Thirdly, the net equity position of the surveyed clubs improved considerably in
the post-FFP period. The post FFP-period saw net asset position almost
double. This finding is in contrast with existing studies, which have theorised
that an increase in losses and debts results in a deterioration in net equity
position. However, the evidence alludes to other factors being responsible for
the seemingly abnormal improvement. For example, FFP regulation requires
owners of clubs that do not break-even to provide investments to help
improve the clubs ability to be profitable. A case of note is that of Tottenham
who recorded losses and also had indebtedness increase but surprisingly
recorded an increase in net equity position. Therefore this thesis concludes
that the requirement which mandates owner’s to investment is relevant
revenue generating ventures is aiding clubs to report improvement in equity
61
position. With that being said, three clubs still reported negative equity in the
period after introduction.
Finally, the surveyed clubs’ cumulative employee benefits expense as a
percentage of revenue wage-as-a-percentage-of-revenue) remained within
the 70% suggested threshold. This is as a result of higher revenue growth in
relation to employee benefits. However, the thesis found out that although the
clubs’ wage-as-a-percentage-of-revenue remained within the threshold, it
actually increased and if it is not controlled it could go beyond 70% in future.

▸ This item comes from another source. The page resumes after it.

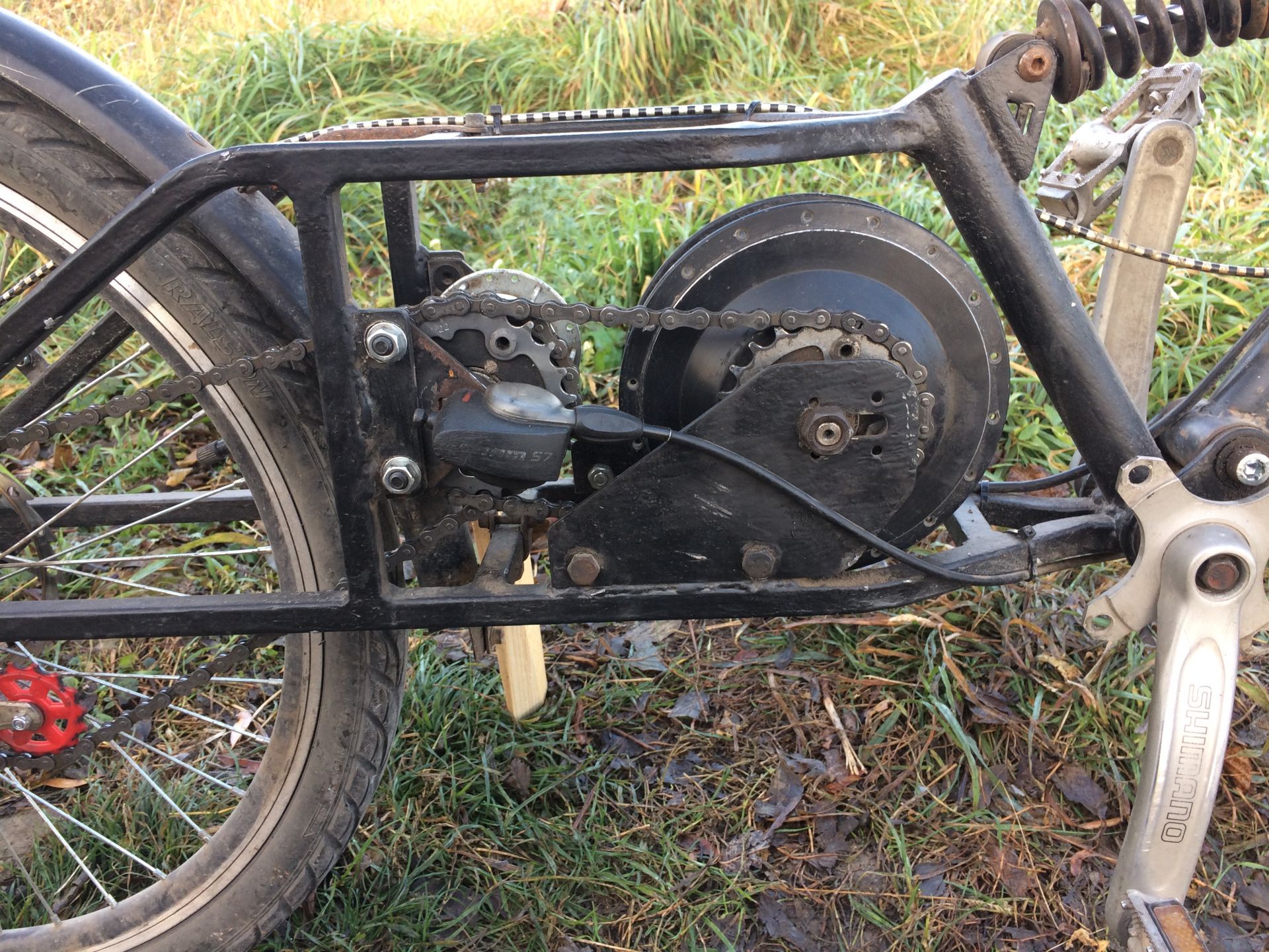 У меня схема похожая планируется, но с 3 цепями, так как еще хочу педальный привод. Вижу у вас ведомая от мотора 22т звезда, от обычных шатунов? Как раз ищу бонки для такой же звезды, планирую ее в качестве ведущей с мотора. А к мотору как закрепили зведу?

This also provides evidence as to why the cumulative profitability worsened;
because employee benefits (wages) forms the major component of relevant
expenses. Furthermore, the research found that two clubs had their wage-as-
a-percentage-of-revenue) higher than the 70% mark.

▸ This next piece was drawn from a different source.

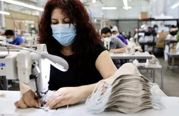 2020年4月16日,在美国洛杉矶的一家工厂内,工人们在缝制口罩。图|新华社
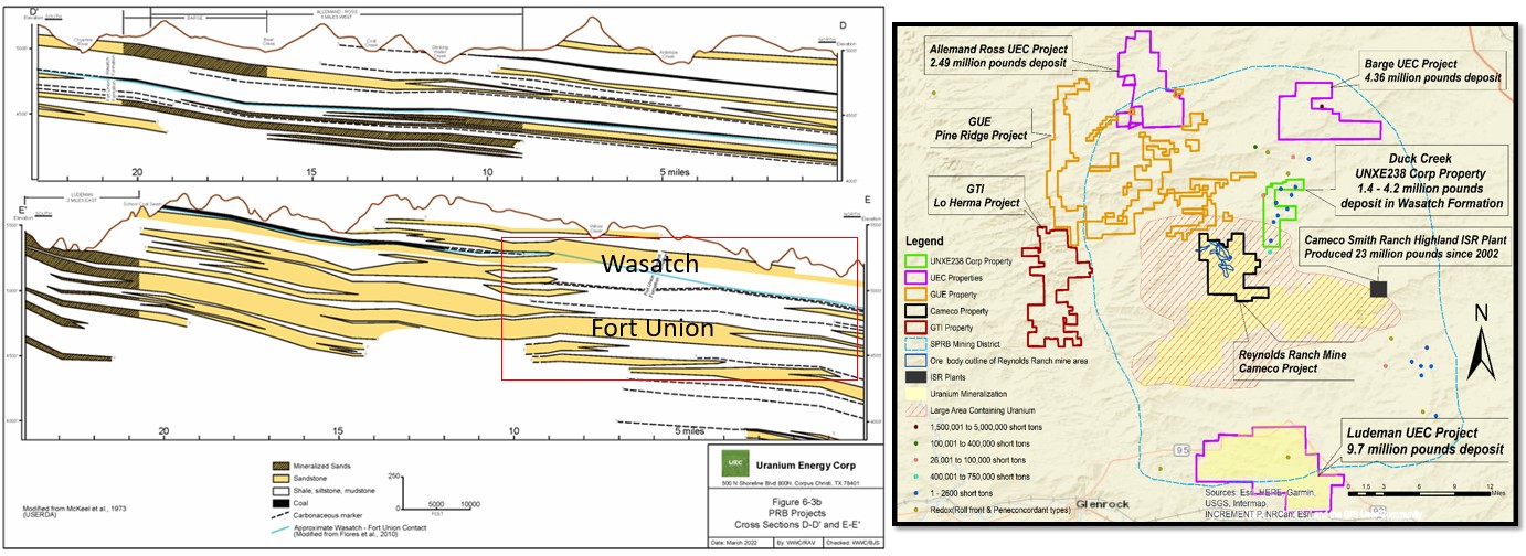 The real potential is the highly mineralized Fort Union Formation at 600-1000 ft underneath Duck Creek project. This is very likely as the same sandstone have mineralization under Reynolds Ranch a mile to the west and the same sandstone extends underneath Duck Creek

In conclusion, this thesis found out that there is an inextricable link between
the four variables tested. For example, employee benefits expense affects
profitability and profitability in turn affects indebtedness and equity position.

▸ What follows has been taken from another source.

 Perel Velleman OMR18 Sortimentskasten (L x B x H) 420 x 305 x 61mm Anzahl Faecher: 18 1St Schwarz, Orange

Therefore, it is possible to conclude that a reduction in employee benefits
expense would go a long way in improving the financial performance of EPL
clubs. This is consistent with the opinion of UEFA, who have stressed the
need for caution in transfer fees and wages for football players. As regards
the research question, the results suggest that there have been cumulative
improvements in some areas of the financial performance of EPL clubs such
as in the case of equity position and wage-as-a-percentage-of-revenue;
whereas for profitability and indebtedness, there has been deterioration for
the surveyed clubs.
6.3 RESEARCH LIMITATIONS AND OPPORTUNITIES FOR FURTHER
STUDY
Although some of the statistical findings of this research are important and
could be useful for further research, there were some constrains encountered
that should be pointed out. Going past these limitations in further researches
would be a step forward. This section highlights these constrains and
suggests some solutions.
62
First of all, this thesis was only able to study eight out of the twenty clubs in
the EPL. As indicated earlier in chapter three, a selection had to be made and
this was due to a limitation in time for the research. Thus the clubs that had
qualified for UEFA competitions were chosen as a more representative
sample for the population. However an analysis of all twenty clubs would
provide more bases to generalise conclusions. Thus, an opportunity for further
research is to expand the number of sample clubs.
Secondly, this thesis was constrained by funds. Not all the financial
statements of the clubs are published because some clubs are not mandated
to do so as a result of their business structure. Thus, the researcher had to
purchase some of the financial statements from Companies house. As a
result, the researcher was constrained to only analysing eight clubs.
Thirdly, at the time of this research FFP has been in operation for five years;
therefore only five years could be analysed and compared. Therefore, future
research could go further than just five years of post-introduction.
Finally, the FFP regulations are numerous and as a result of time and word
constraint, this thesis was only able to focus on four aspects. Therefore,
further studies could go further and analyse other parts of FFP such as the
non-financial aspect like going concern indicators.